Nikhil Prasad Fact checked by:Thailand Medical News Team Dec 10, 2024 1 day, 21 hours, 42 minutes ago
Medical News: A breakthrough study has revealed the crucial role of glutamine metabolism in the replication of coronaviruses. This groundbreaking research was conducted by experts from Cornell University’s Department of Molecular Medicine and Microbiology-USA. Their findings could pave the way for a new class of antiviral drugs that target this essential metabolic process.
Cornell Study Finds That Glutamine Metabolism is Key to Coronavirus Survival
Glutamine is an amino acid that plays a critical role in cell growth and energy production. It turns out that coronaviruses, including SARS-CoV-2 (responsible for COVID-19) and other human coronaviruses like HCoV-OC43, hijack this metabolic pathway to fuel their replication. This
Medical News report explores how the study has uncovered this dependency and its potential implications for future treatments.
How Viruses Hijack Host Metabolism
Viruses cannot reproduce on their own - they need host cells. To replicate efficiently, they reprogram the host’s metabolic machinery. The study found that coronaviruses cause a surge in the activity of glutaminase enzymes, which convert glutamine into glutamate, an essential building block for energy and biosynthesis. Researchers observed this phenomenon in different cell types infected by SARS-CoV-2, HCoV-OC43, and HCoV-229E.
One of the critical findings of this research was that when the glutaminase enzymes GLS and GLS2 were blocked using specialized inhibitors, viral replication was significantly reduced. These inhibitors, SU1 and UP4, showed promising results both in cell cultures and in a mouse model of SARS-CoV-2 infection.
Testing the New Drugs
The study employed advanced techniques such as targeted metabolomics and genetic silencing of glutaminase enzymes to demonstrate the relationship between glutamine metabolism and viral replication. Notably, the allosteric inhibitors SU1 and UP4 showed distinct effectiveness. SU1, which targets both GLS and GLS2, was more effective than UP4, which is selective for GLS.

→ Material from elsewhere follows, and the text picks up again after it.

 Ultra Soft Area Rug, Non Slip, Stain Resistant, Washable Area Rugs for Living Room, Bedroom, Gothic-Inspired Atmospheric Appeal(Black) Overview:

In laboratory experiments, these inhibitors not only reduced the amount of viral RNA in infected cells but also significantly extended the survival of mice infected with SARS-CoV-2. Treated mice survived beyond 19 days, while untreated controls succumbed to the infection within 10 days. This dramatic difference underscores the potential of these inhibitors as antiviral agents.
A Promising Mechanism of Action
The study explains how these inhibitors work at a molecular level. SU1 and UP4 stabilize the inactive forms of glutaminase enzymes, preventing them from carrying out their metabolic functions. Without glutamine metabolism, viruses lack the resources to replicate efficiently. Furthermore, the treatment reduced virus-induced changes in the host cell’s metabolic profile, effectively reversing the metabolic hijacking.
Broader Implications
The implications of this discovery
extend beyond coronaviruses. Glutamine metabolism is a common target for many types of viruses. This raises the possibility of developing broad-spectrum antiviral drugs based on the same principle. Additionally, since glutaminase inhibitors are already being explored for cancer treatments, they have a safety profile that could expedite their development for antiviral use.

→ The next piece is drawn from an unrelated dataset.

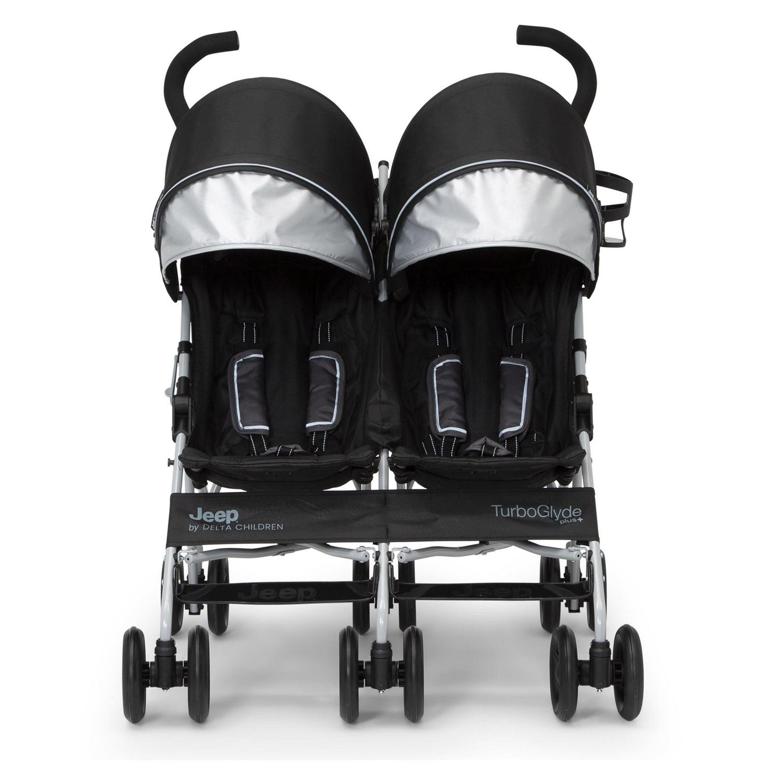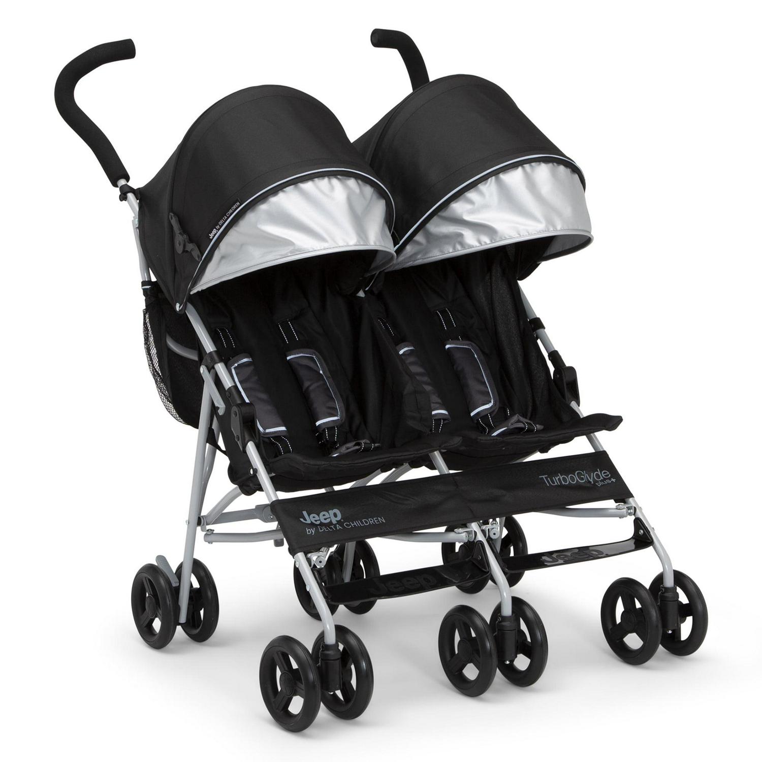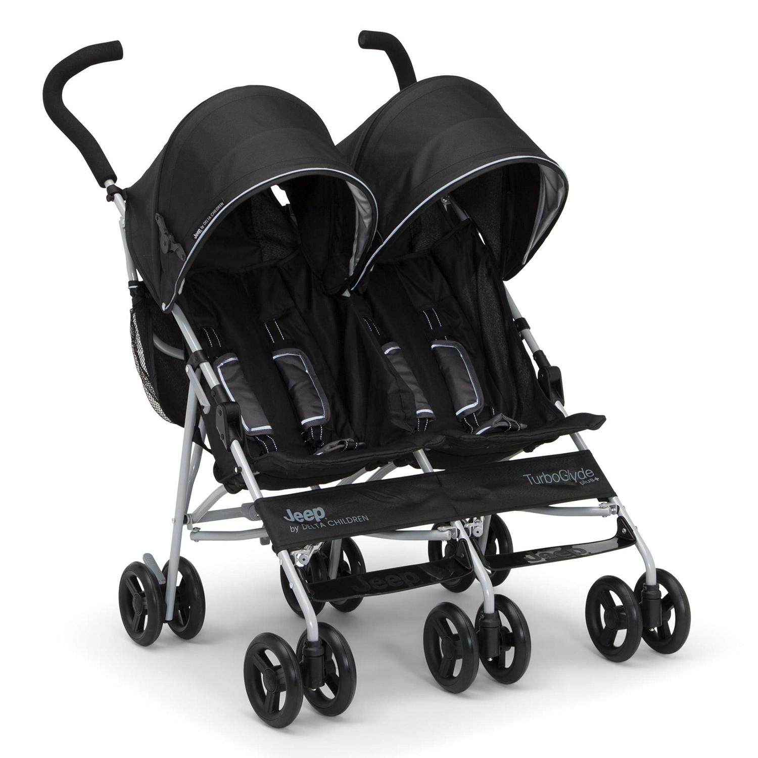 Looking for a wheel-y great ride for you and your growing family Look no further than the Jeep TurboGlyde Plus Side-by-Side Double Stroller by Delta Children! Designed to deliver the best ride ever, the Jeep TurboGlyde Plus Side-by-Side Double Stroller offers the most advanced handling thanks to all-new front wheels that feature precision technology, making it easier than ever to glide, turn and maneuver any surface. Ideal for travel or everyday use, this extremely lightweight double stroller weighs under 20 pounds and features a compact umbrella fold design. An extra-large extendable canopy with UPF 50+ sun visor will protect your children from the elements while calf and footrests ensure kids are comfortable during walks, near and far. Some additional features of this lightweight double stroller include ergonomic handles, five-point safety harness with reflective piping, two storage pockets, extra-large parent cup holder and swivel front wheels. This stroller is recommended for infants 9 months up to 35 lbs. per seat (70 lbs. total). Let’s glyde!

Study Limitations and Future Directions
While the findings are exciting, there are still questions to answer. For example, different cell types and virus strains showed varying dependencies on GLS versus GLS2. Understanding these differences will help refine the use of these inhibitors for specific infections. Moreover, researchers aim to explore whether other viruses share this dependency and whether glutaminase inhibitors can be tailored further for better absorption and efficacy.
Conclusion
This study underscores the importance of targeting host metabolic pathways as a novel strategy for antiviral therapy. By disrupting glutamine metabolism, researchers were able to block coronavirus replication effectively in cells and in animal models. This finding could lead to a new class of drugs that not only tackle SARS-CoV-2 but also other coronaviruses and potentially a wide range of viral infections.
The conclusions highlight the urgent need for continued research into metabolic inhibitors. These drugs hold promise as safe, effective treatments with the potential to mitigate future pandemics. The study serves as a reminder of the intricate interplay between viruses and host biology and how scientific innovation can turn the tide in the fight against infectious diseases.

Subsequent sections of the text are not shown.